Para vencer, Haddad precisa se descolar de Lula. O PT não pode insistir na fidelidade de Haddad a posições petistas no segundo turno.

Haddad representa a parte mais moderada, democrática e pensativa do PT, mas ele é prisioneiro do partido e de Lula. Este é, realmente, um curso muito difícil para ele navegar.

P - Como avalia a democracia brasileira após o fim da ditadura?

SM - Simplificando um pouco, podemos dizer que a democracia brasileira tem três fases bastante nítidas. A primeira vai de 1985 a 1994, uma fase de muita turbulência política, recessão, um impeachment. 

A segunda vai do governo de Fernando Henrique Cardoso ao fim da gestão de Lula, em 2010. Nesse período parecia que o rumo do país estava mais acertado, a pobreza caía, a economia estava estabilizada. Foram anos de conquistas importantes, nos quais a democracia se fortaleceu. 

O último período, de Dilma Rousseff até hoje, é de uma grave crise, de muito ceticismo, aumento da violência, recessão. A questão é saber que rumo o país tomará agora.

P - Uma piada cínica diz que o período FHC e Lula foi um intervalo democrático no país, e que agora voltamos à instabilidade brasileira tradicional.

SM - Eu concordo (risos). Mas as sementes da crise dos anos 2010 foram plantadas, de certa maneira, no governo Lula, pela corrupção. 

P - É comum a comparação de que Bolsonaro é o Trump brasileiro. O que o senhor acha?

SM - Os dois são semelhantes em muitos aspectos, mas Bolsonaro é mais extremado na maioria deles. Ambos prometeram sacudir o sistema político. Ambos têm discursos um tanto autoritários, mas Bolsonaro muito mais.

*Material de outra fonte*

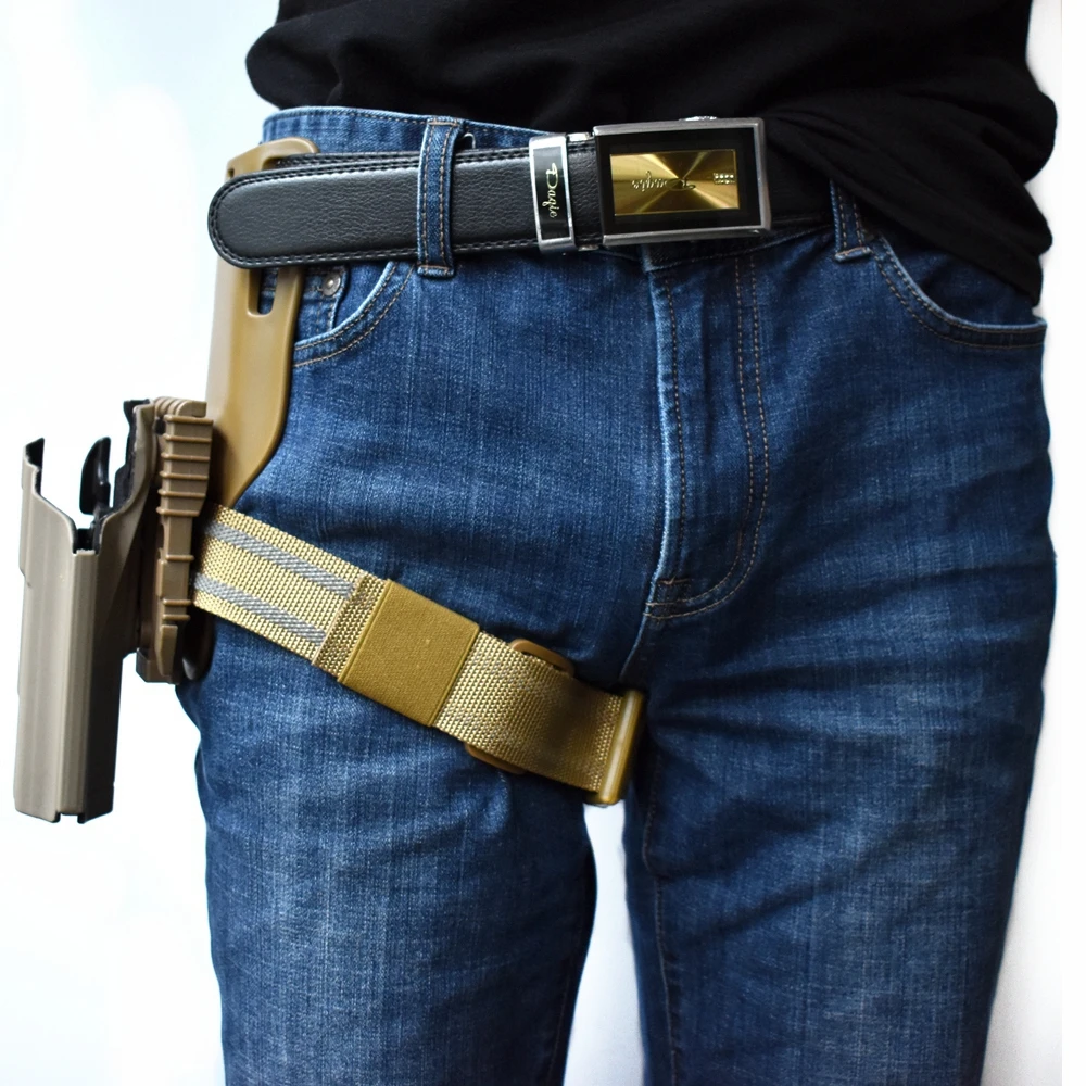 Cinturón táctico de nailon para pierna, correa de 4 piezas, hebilla fija elástica, anillo para cinturón ancho de 1,5 pulgadas
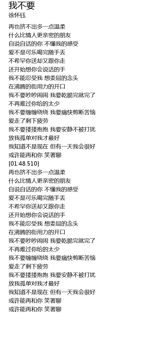 | [01:21.200] | 我不要搂搂抱抱 我要安静不被打扰 |
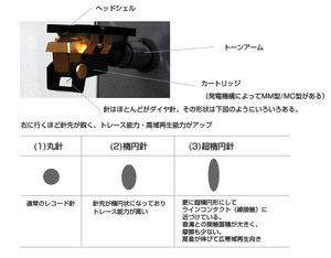 興味深いのが針先の形状でしょう。標準の丸針(デノンのDL-103が代表)のほか、それを細長くした楕円針、さらに超楕円形状にしてラインコンタクト(線接触)に近づけたものなど、何タイプかに分かれます。
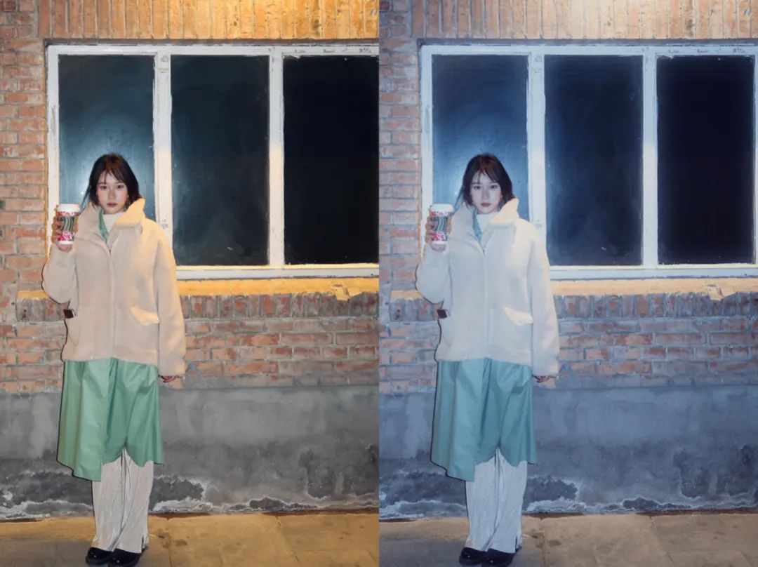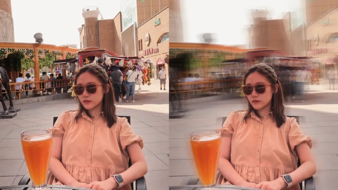 这个特效完美解决了背景杂乱的问题,模拟相机慢快门的拍摄技巧,会有一种电影中人流、车流熙熙攘攘、来来往往的故事感。
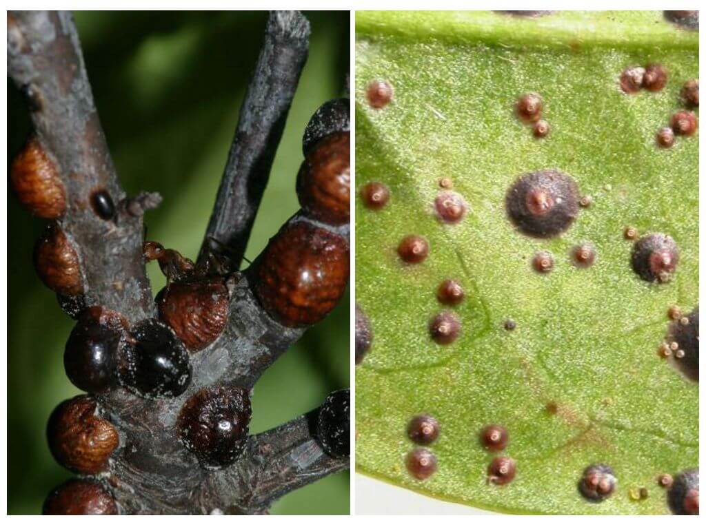 Появление на стволе, ветках или нижней части листьев едва заметных «бугорков» от светло-зеленой до коричневой гаммы говорит о том, что здесь прочно закрепилась колония щитовок – самки и личинки.
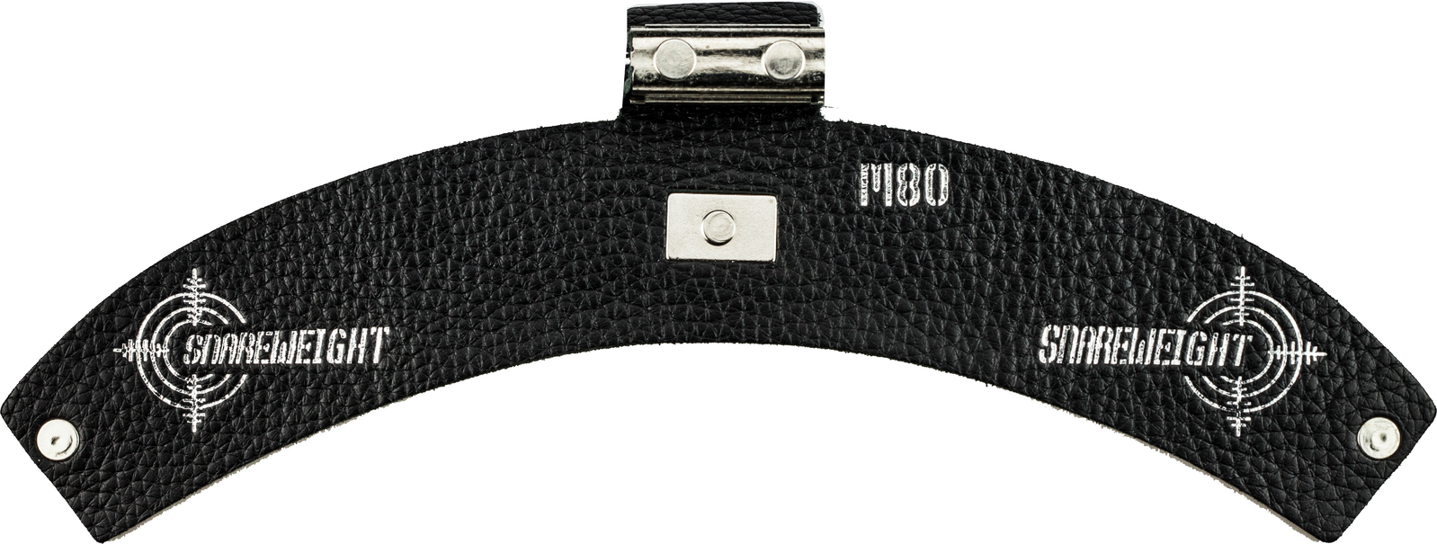 The M80 is engineered to control the resonance without sacrificing the brightness of the drum. One M80 has 4 different dampening settings: mild, medium, heavy and off. Remember the M80 fits any size drum;(8",9,10,12,13,14,16,18, etc.) It also presents some weight on the head (more than tape, plastic etc) which helps shorten the length of ringing. Dampen in a snap or disengage even faster with the on/off feature. Works with triple flange hoops, die cast, angel hoops, true hoops, brass hoops, 1/4" wood. Leather thickness does vary between 1.5mm to 2mm.
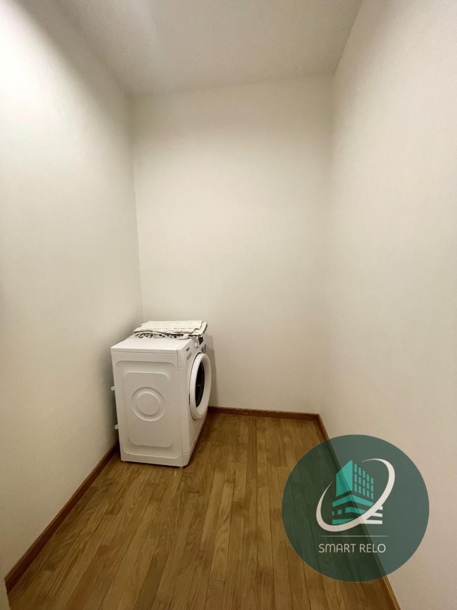 Dispozice bytu tvoří velkorysý obývací prostor s kuchyňským koutem, obývací částí a úložnými prostory. V patře je ložnice s manželskou postelí a nábytkem. K dispozici je také samostatná místnost s pračkou.

Ambos manifestam algumas atitudes sexistas e racistas, mas Bolsonaro é muito mais homofóbico.  Ambos defenderam a tortura. Ambos apelam para a lei e a ordem e a valores tradicionais.

Claro, existem algumas diferenças. Trump era um verdadeiro outsider político, no sentido de que ele nunca havia disputado uma eleição antes, mas era o candidato de um dos partidos políticos mais antigos do mundo, o Republicano. Bolsonaro se vende como um outsider no sentido de que seu partido é muito pequeno, mas ele é deputado federal há 27 anos.